A boulder is a large rock. (Image: the limestone rock image by Maria Brzostowska from Fotolia.com)

The difference between a rock and a boulder can be explained in terms of size and detachment. A rock is defined by geologists as an aggregate of minerals. A boulder is a type of rock, specifically a large detached one. All boulders are rocks, but not all rocks are boulders.

Rock Defined

Webster's New American Dictionary defines rock as ''a mass of stony material.'' Rocks come in all sizes, from specks of silt to towering mountains. They are formed over thousands of years by pressures and temperatures in and under the earth's crust. Rocks are made from the crystals of one or more minerals in varying compositions, according to ''Rocks and Minerals.'' For example, quartz, feldspar and mica crystals combine to make granite.

Boulder Defined

Webster's defines a boulder as ''a large detached rounded or worn mass of rock.'' Elfi Berndl, an educator and member of the Central Canadian Federation of Mineralogical Societies, launched a website in 1999 to educate children about types of rocks. According to Berndl, there are many common names for rocks, and these give us an idea of how large the rock is. The term ''boulder,'' for example, is one of these common names for rocks. Boulder is used to describe a large rock that is ''taller than a person.''

Rock Sizes

Using Berndl's terminology, the largest rock is a mountain, which is defined as "a giant rock still attached to the earth's crust.'' A boulder would fall next in the line according to size. Other descriptive rock words are stone (a rock you can hold in two hands) and pebble (small enough to hold with two fingers). Tiny bits of rock can be called sand, grain, dust and speck.

Rock Types

All rocks and boulders fall into one of three categories--igneous, sedimentary or metamorphic--based on their origin, according to National Audubon Society Field Guide to Rocks and Minerals. Igneous rocks are solidified from molten lava. Examples are granite and pumice. Spectacular displays of igneous rocks are the volcanoes of Hawaii and the volcanic rocks of Yellowstone National Park. Sedimentary rocks are formed at or near the earth's surface by the accumulation of particles.

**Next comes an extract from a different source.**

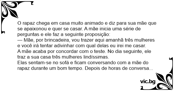 — Mãe, por brincadeira, vou trazer aqui amanhã três mulheres e você irá tentar adivinhar com qual delas eu irei me casar.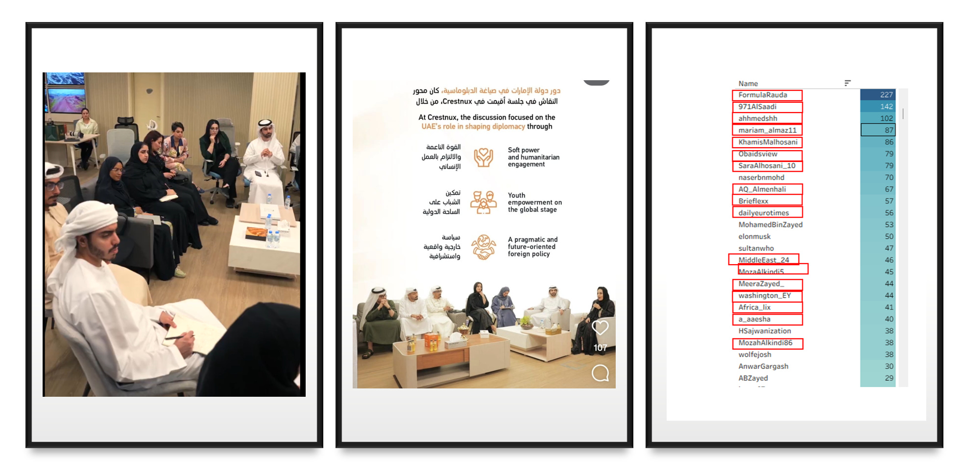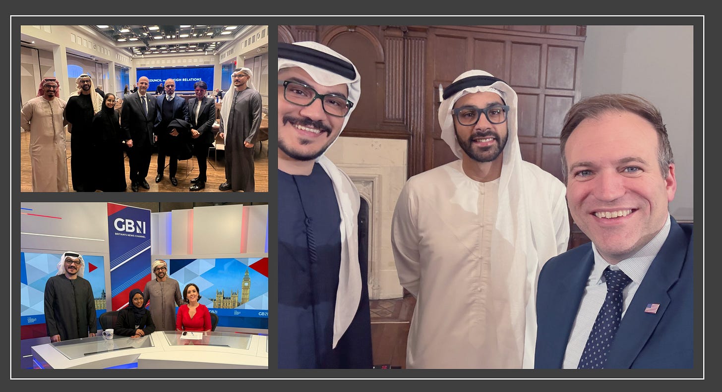 Besides their international jaunts and mutual social media amplification, some members of the gang have also hung out together in the UAE. In this book launch event hosted by Amjad Taha’s Crestnux, you can see members of the gang, including Aesha, AbulQader, and Meera, all attending. There was also another event between Crestnux and the UAE’s New Expert Program, where they spoke with Foreign Affairs expert Maitha Alkaabi. Here you can see Abdulqader, Amjad, and Mozah. Many of the group also met with Ahmed Fouad Al Khatib (a writer whose pieces in the Atlantic have sourced Amjad Taha’s disinformation), although it is not clear if this was a Crestnux event.

They have a layered look, and examples are sandstone and chalk. The Grand Canyon is a colorful display of sedimentary rock. Metamorphic rocks result from changes to preexisting igneous, sedimentary or metamorphic rocks by high pressures and temperatures. Marble and slate are examples. Metamorphic rocks are typically found in mountain areas, such as the Appalachians.

Rocks & Humans

Humans first used rocks and boulders millions of years ago. Rocks were the first tools and the earliest canvases for artwork. Rock caves were among the first dwelling places of humans. Later, humans used types of rock to build sacred monuments, such as the pyramids of Egypt. Today humans have a myriad of uses for rocks, such as in computers (quartz), pottery (clay), toothpaste (fluorite), sandpaper (garnet) and talcum powder (limestone). Rocks are used to build walls and decorate landscapes. Boulders, for example, are used in Japanese gardens to represent mountains. Stones can border a flower bed, and gravel can be made into a pathway or raked into a pattern to simulate flowing water.